[Recorded data]
::::
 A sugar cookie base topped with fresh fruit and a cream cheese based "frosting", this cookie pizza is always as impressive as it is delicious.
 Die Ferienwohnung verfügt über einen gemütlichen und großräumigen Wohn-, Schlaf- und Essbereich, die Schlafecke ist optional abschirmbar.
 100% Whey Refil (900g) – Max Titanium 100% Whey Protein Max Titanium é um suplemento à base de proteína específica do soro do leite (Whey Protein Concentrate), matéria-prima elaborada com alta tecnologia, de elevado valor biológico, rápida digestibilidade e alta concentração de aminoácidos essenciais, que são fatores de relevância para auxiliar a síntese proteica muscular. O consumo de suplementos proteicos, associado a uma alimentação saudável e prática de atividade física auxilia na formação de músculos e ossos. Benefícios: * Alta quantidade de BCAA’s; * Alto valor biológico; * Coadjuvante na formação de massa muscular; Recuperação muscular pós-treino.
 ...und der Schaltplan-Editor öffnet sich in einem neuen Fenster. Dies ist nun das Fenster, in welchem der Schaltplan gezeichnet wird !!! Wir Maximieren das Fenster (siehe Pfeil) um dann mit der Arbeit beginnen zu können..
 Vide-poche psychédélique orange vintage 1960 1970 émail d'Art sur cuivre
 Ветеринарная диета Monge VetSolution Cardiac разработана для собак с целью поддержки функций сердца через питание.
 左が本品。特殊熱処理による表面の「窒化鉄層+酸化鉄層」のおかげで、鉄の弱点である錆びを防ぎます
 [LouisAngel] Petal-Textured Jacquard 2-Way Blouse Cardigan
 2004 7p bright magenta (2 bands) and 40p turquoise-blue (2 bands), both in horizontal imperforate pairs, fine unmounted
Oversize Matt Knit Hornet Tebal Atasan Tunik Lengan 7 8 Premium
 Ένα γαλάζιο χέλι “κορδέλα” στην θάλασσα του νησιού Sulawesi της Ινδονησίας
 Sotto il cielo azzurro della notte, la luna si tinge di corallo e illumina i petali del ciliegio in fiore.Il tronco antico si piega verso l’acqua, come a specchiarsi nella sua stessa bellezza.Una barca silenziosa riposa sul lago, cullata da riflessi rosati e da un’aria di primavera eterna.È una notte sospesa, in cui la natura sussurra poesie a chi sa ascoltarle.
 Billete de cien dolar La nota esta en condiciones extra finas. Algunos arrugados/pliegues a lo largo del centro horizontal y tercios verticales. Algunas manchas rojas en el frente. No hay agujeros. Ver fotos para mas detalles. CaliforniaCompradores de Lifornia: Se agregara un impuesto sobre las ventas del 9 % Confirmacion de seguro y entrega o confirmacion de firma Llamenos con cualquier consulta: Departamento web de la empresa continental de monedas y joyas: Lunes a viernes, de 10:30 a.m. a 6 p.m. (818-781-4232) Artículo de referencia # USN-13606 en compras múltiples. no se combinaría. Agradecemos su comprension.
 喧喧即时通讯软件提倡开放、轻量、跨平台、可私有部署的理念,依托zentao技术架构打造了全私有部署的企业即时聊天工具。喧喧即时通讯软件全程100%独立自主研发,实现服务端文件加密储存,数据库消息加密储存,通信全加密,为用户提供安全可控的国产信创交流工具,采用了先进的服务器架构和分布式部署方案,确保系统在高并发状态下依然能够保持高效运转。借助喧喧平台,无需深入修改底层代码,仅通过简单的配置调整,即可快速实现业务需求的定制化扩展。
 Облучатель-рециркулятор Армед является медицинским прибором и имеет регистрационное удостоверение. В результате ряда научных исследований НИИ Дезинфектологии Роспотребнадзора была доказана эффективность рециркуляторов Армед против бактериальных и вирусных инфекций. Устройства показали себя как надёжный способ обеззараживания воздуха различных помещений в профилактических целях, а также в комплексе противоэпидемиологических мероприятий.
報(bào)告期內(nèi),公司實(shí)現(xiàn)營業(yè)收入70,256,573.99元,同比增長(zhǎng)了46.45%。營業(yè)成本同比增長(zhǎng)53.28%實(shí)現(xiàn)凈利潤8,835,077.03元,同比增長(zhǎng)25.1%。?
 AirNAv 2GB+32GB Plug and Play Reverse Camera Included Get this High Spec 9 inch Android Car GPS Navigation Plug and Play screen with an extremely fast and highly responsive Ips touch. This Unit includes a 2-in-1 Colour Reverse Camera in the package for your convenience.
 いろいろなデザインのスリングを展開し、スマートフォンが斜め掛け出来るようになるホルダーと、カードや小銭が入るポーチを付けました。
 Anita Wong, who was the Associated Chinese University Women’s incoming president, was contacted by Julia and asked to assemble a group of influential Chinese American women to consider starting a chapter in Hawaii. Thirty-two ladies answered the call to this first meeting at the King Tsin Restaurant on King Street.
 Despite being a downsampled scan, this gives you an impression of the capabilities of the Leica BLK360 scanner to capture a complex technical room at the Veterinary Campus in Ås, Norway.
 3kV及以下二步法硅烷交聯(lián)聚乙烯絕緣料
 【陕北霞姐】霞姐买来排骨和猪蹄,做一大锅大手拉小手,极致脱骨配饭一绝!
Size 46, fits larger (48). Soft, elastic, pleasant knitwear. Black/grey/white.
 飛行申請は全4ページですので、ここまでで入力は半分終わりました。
::::
Task details: Return only the number of lines above that include "base".

The completed task: 2